PROBLEM DETAILS :: Although pictures appear in the entries below, leave them out and print exactly the lines from the first line through the line containing "Рис.3. Центральна ялинка у Львові у 2023 році".

SOURCE DATA ::
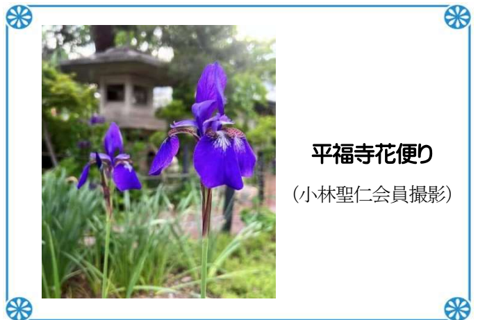
平福寺花便り
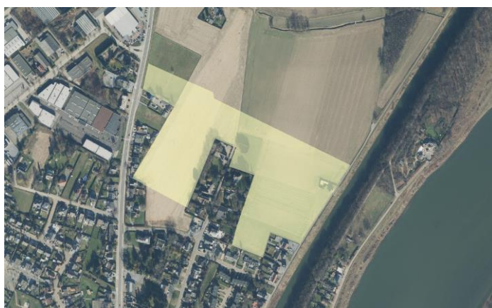
Deelplan 2 'Ter Hocht' waar een bestemmingswijziging van woonreservegebied naar bouwrijp agrarisch gebied is voorzien
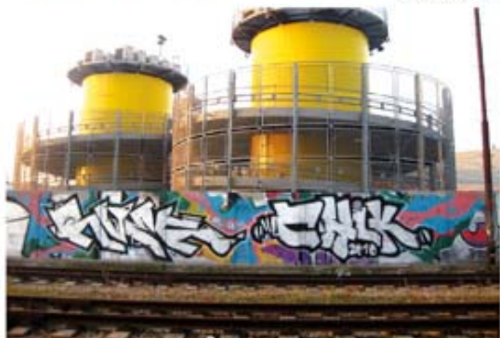
Rwek.ACL.ODA Chiko.RES.ACL'11 Brno
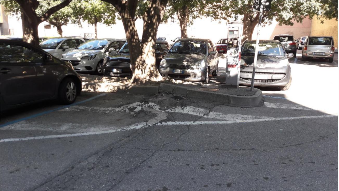
Aree oggetto di intervento

La piazza posta nelle vicinanze del centro storico, verrà interessata da opere di ripristino del manto bituminoso, attualmente logorato dalle radici delle piante al suo interno, verranno ripristinati al meglio i cordoli delle attuali aiuole ed infine gli attuali stalli verranno modificati affinché i veicoli possano parcheggiare più comodamente.
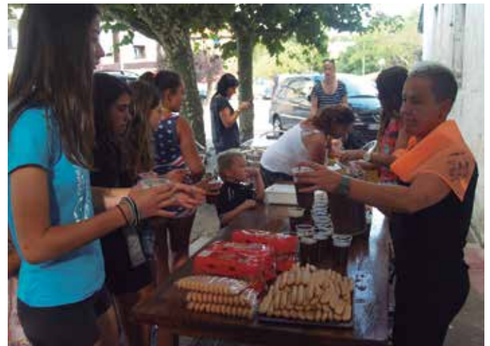
Jan-edanik ez zen falta izan.
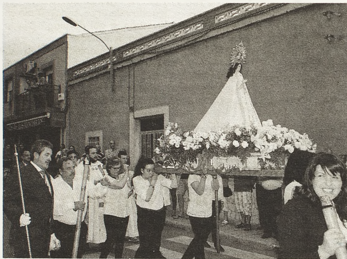
A San Juan le acompaña la imagen de la Santa Paz
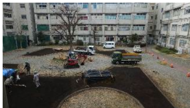
中庭整備工事の様子(2026年3月)

※クラウドファンディングに関して詳しくは次のリンクから、寄付者向けの報告書がご覧いただけます。
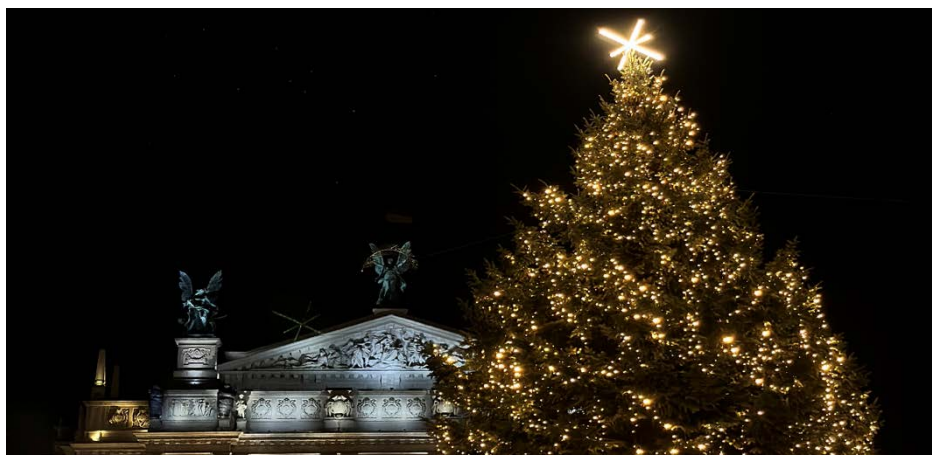
Рис.3. Центральна ялинка у Львові у 2023 році

До групи культурних чинників впливу на формування медійності архітектури та просторів міста належать звичаї і традиції , характерні для конкретного місця проектування. Вони наповнюють середовище унікальним сенсом для об'єднують його мешканців. Для Львова важливе значення мають релігійні свята та пов'язані із ними звичаї і традиції. Тож простір міста адаптують до цих потреб за допомогою різноманітних елементів оздоблення [17]. Наприклад, у різдвяний час фасади прикрашають святковими декораціями, ставлять дідуха, проводять ярмарки, повсюди лунають колядки та щедрівки. Все це наповнює міський простір святковою атмосферою та віддає шану українським звичаям і традиціям. Однією із зимових традицій є встановлення ялинки в центрі міста перед Оперним театром. У 2023 році медійність центральної ялинки набула особливого змісту,. Ялинку прикрасили мінімалістичними гірляндами, а її верхівку замість звичної зірки увінчує протитанковий «їжак» (рис.3), що одразу викликає асоціації із війною, яка триває в Україні [15].
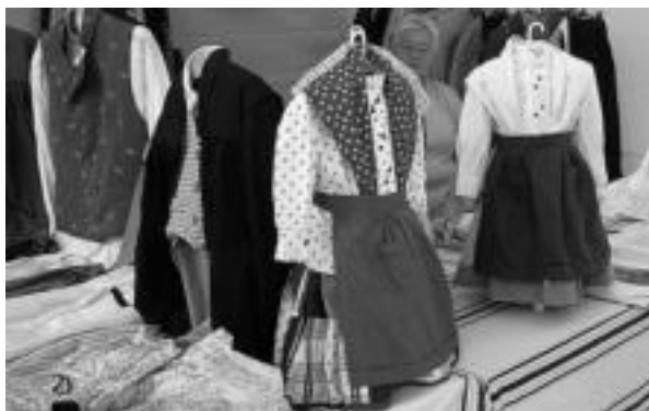
Euskal jantziak. Ume nahi helduentzat ere, eskuz jositako arropak: lortzak, bainnikak, kolore eta oihal mota desberdinez egindakoak. MADDI SOROA
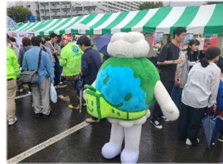
エコレールマークちゃんも出現
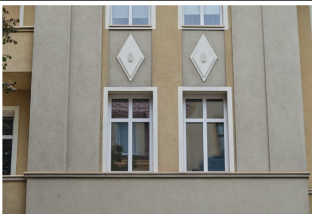
Fasada, detale wystroju tynkarskiego
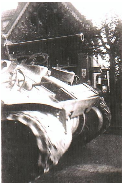
Sherman voor Diepesteeg 14

Zo kwam er een overzichtelijke lijst boven van alle sneuvelden op 16 april 1945 in Nederland. Tussen de overledenen stonden op 16 april 1945 twee 'sappers', sappeurs in goed Nederlands, een categorie genisten met hun specialisatie, zoals je ook pontonniers en mineurs hebt. Twee personen die inderdaad bij de Engelse genie zaten: Royal Engineers.
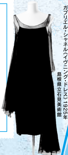
ガブリエル・シャネル「イヴニング・ドレス」(1925年) 島根県立石見美術館

Modern Synchronized and Stimulated Each Other The Polyphony of Function and Decoration
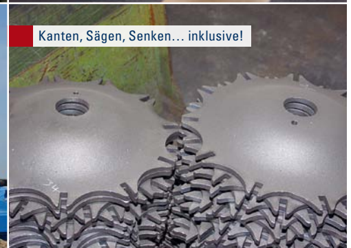
Kanten, Sägen, Senken... inklusive!
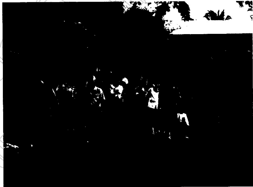
ภาพประกอบ 25 ชาวบ้านกำลังเดินทางเข้าร่วมพิธีกรรมแซนยะจู้

เจ้าครูของวันประกอบกรรมพิธีแซนยะจู้ เฒ่าจ้ำและชาวบ้านจะมาพร้อมกันที่ยะจู้ สิ่งที่ต้องนำมาด้วยคือ ขันห้า (กรวยดอกไม้ และรูป) จำนวน 5 กรวย เทียนไข 1 แท่ง น้ำดื่ม น้ำหวาน น้ำอ้อยคั้น หรือเหล้า 1 ขวด ข้าวสุก 1 ถ้วย ใก่คั้ม ใช้ถวายเพื่อเป็นอาหาร
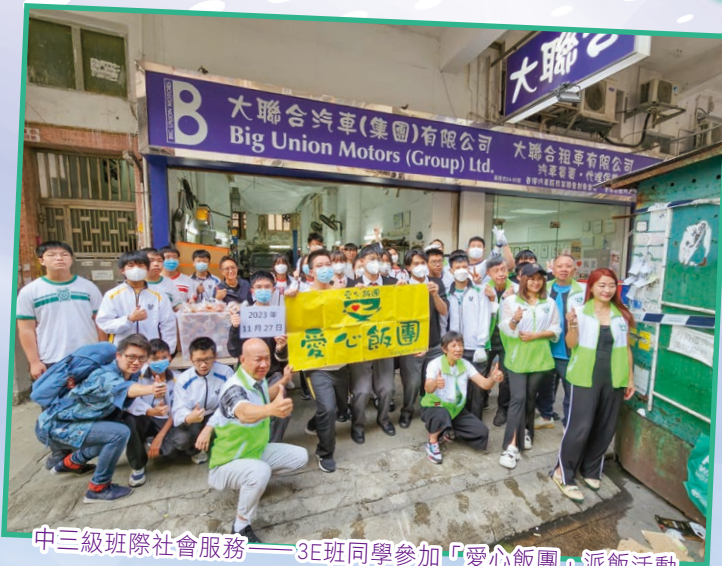
中三級班際社會服務——3E班同學參加「愛心飯團」派飯活動
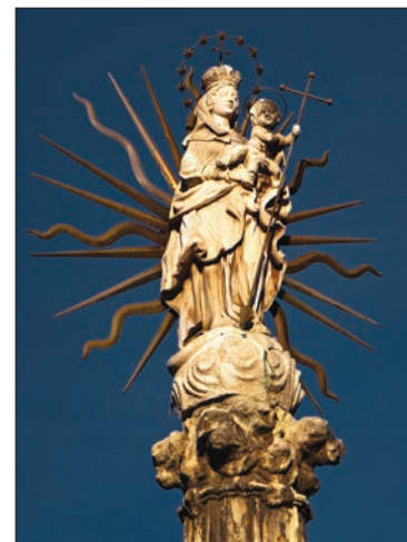
1. kép. Budapest, Mária tér

A 17–18. században megnőtt a laikus vallásgyakorlás igénye. A középkorban elszigetelten működő vallásos társaságok helyét olyan laikus társulatok vették át, amelyek gyakran egymással is kapcsolatban álltak, hálózatokat alkottak. Ezek között (a ferences kordások után) a különféle Mária-társulatok vitték a vezető szerepet. A legtöbb társulat a katolikus vagy gyorsan rekatolizált területeken alakult (Nyugat-Dunántúl, Északnyugat-Magyarország, Alföld katolikus többségű vidékei) (TÜSKÉS–KNAPP 2001, 273. o.). A társulatok gondozói szerzetesrendek voltak, elsősorban ferencesek és jezsuiták. A társulatok létrehozásának célja a közösségek erősítése, imaközösségek létrehozása, a gyülekezeti feladatok ellátására alkalmas személyek megtalálása. (Később sajnos a fegyelmező, ellenőrző funkció lépett előtérbe.) (TÜSKÉS–KNAPP 2001, 279–281. o.) Témánk szempontjából a Mária-kongregációk és a rózsafüzér-társulatok kiemelten fontosak. Céljuk Mária tiszteletének elmélyítése, ünnepeinek méltó megülvése, a szombati Mária-ájtatosságok kézben tartása.
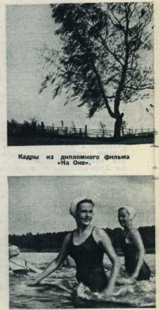
Кадры из дипломного фильма «На Оке».
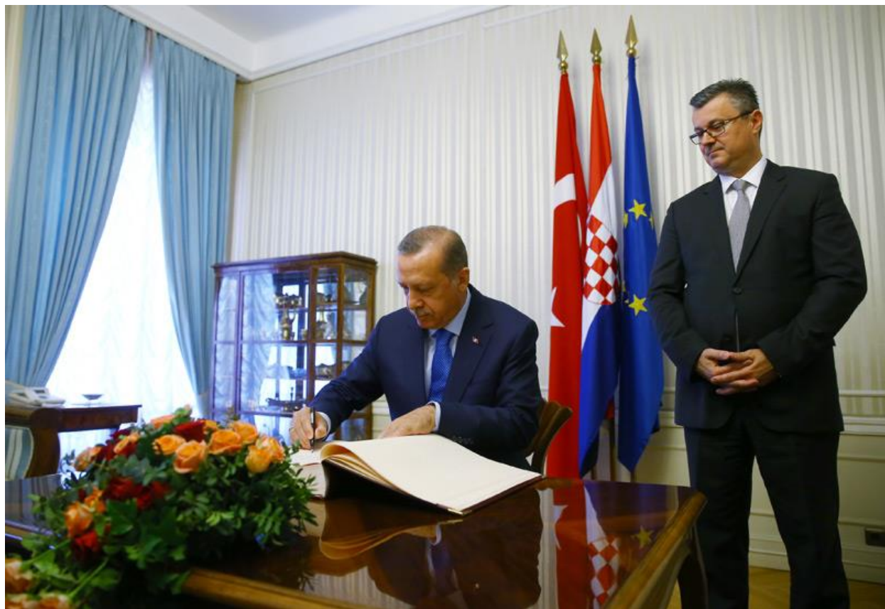
Slika 26. Upisivanje u Zlatnu knjigu
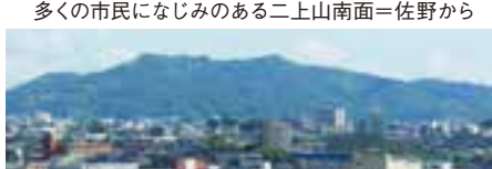
多くの市民になじみのある二上山南面=佐野から

東斜面が緩く西斜面と南斜面が急だ。西の海老坂峠付近を南南西―北北東方向に海老坂峠が、南側を南西―北東方向に石動断層が通っており、両断層を境に二上山側が隆起している。 山頂は山塊の中央部ではなく南西部に位置する。周囲には海老坂地区の高位段丘や伏木市街地の高町が位置する中位段丘などが分布している。二上山の谷は深く谷幅は狭く、その形成が新しい。東方向へはやや長く、西や南へは短い。山塊が富山湾に面する岩崎海岸や雨晴海岸は磯浜、その北は松太枝・島尾の砂浜で景勝地だ。 元は海だった。二上山中心部の地質は主に新第三紀(2300万年前〜260万年前)後期の約1000万年前に海底で堆積した鉢伏砂岩層で、その上にそれ以降で第四紀(260万年前〜現在)前期に至るまでの浅い海で堆積した砂岩層や泥岩層が分布している。周辺で貝化石が発掘されるものも少なくない。 第四紀前期ごろから砺波平野の原型を造る北東―南西方向の褶曲(波状にぼうを持ち すいかめがけて ふり下ろす)は、二上山は平野や富山湾から一気に高くなるので、下界の景色が間近に見られる。能登半島国定公園にも含まれる地形、地質や植物など見どころが多い。都市部近くの大切な自然を後世に伝えていきたいものだ。
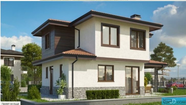
Проект на къща
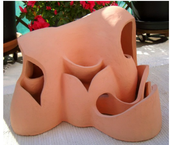
Danse d'argile 2. Créé par Geneviève Marty-Libert en 1991 (ADAGP 2024)
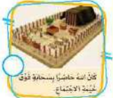
كان الله حاضرًا بسخانة فوق خيمة الاجتماع.
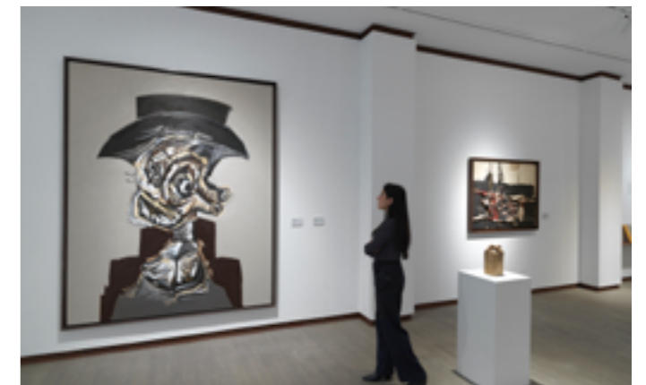
Vista de l'exposició "Saura en el seu context".

Tàssies parlarà sobre els col·leccionistes anònims, així com els orígens d'una col·lecció, les motivacions del col·leccionista i la importància d'un relat.
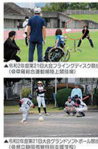
▲令和2年度第21回大会フライングディスク競技(草薙総合運動場陸上競技場)
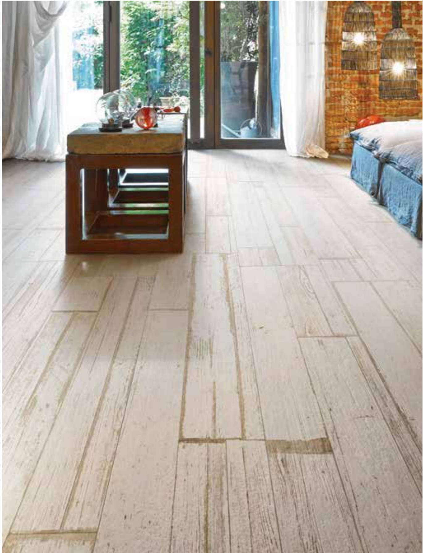
Blendart White Craft
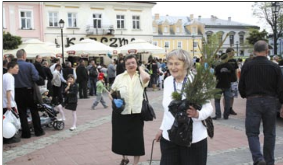
Dzieci, rodzice, babcie, dziadkowie, wszyscy przyszli na Rynek z siatkami wypchanymi surowcami wtórnymi, a po ich zdaniu wracali z sadzonkami drzew i krzewów. Piękna, pożyteczna lekcja ekologii. Brawa dla babć i ich wnucząt!

– Nie wiem, czy jakakolwiek gwiazda wyrwałaby mnie z domu w taką pogodę – mówiła po występie, chcąc w ten sposób odwdziżyć się uczestnikom koncertu za tak liczny udział, mimo ulewy i tak świetną zabawę. Nie kryła też uznania dla organizatorów. – To fajny pomysł na imprezę ekologiczną z przesłaniem. Lubię takie koncerty, gdyż skupiają ludzi, którym na czymś zależy. Za tym kryje się coś więcej niż zwyczajne dni miasta, podczas których najczęściej dochodzi do takich koncertów – oświadczyła. A jak kochają Majkę jej sanocki fani, niech świadczy fakt, że o ile koncert trwał jedną godzinę z kwadrantem, to rozdawanie autografów i wspólne zdjęcia zajęły artystce blisko dwie godziny. Można tylko wyobrazić sobie, co by się działo na sanockim Rynku, gdyby koncert Majki Jeżowskiej odbywał się przy dobrej pogodzie. Warto by to kiedyś sprawdzić.

YOUR SOLUTION ::
平福寺花便り
Deelplan 2 'Ter Hocht' waar een bestemmingswijziging van woonreservegebied naar bouwrijp agrarisch gebied is voorzien
Rwek.ACL.ODA Chiko.RES.ACL'11 Brno
Aree oggetto di intervento

La piazza posta nelle vicinanze del centro storico, verrà interessata da opere di ripristino del manto bituminoso, attualmente logorato dalle radici delle piante al suo interno, verranno ripristinati al meglio i cordoli delle attuali aiuole ed infine gli attuali stalli verranno modificati affinché i veicoli possano parcheggiare più comodamente.
Jan-edanik ez zen falta izan.
A San Juan le acompaña la imagen de la Santa Paz
中庭整備工事の様子(2026年3月)

※クラウドファンディングに関して詳しくは次のリンクから、寄付者向けの報告書がご覧いただけます。
Рис.3. Центральна ялинка у Львові у 2023 році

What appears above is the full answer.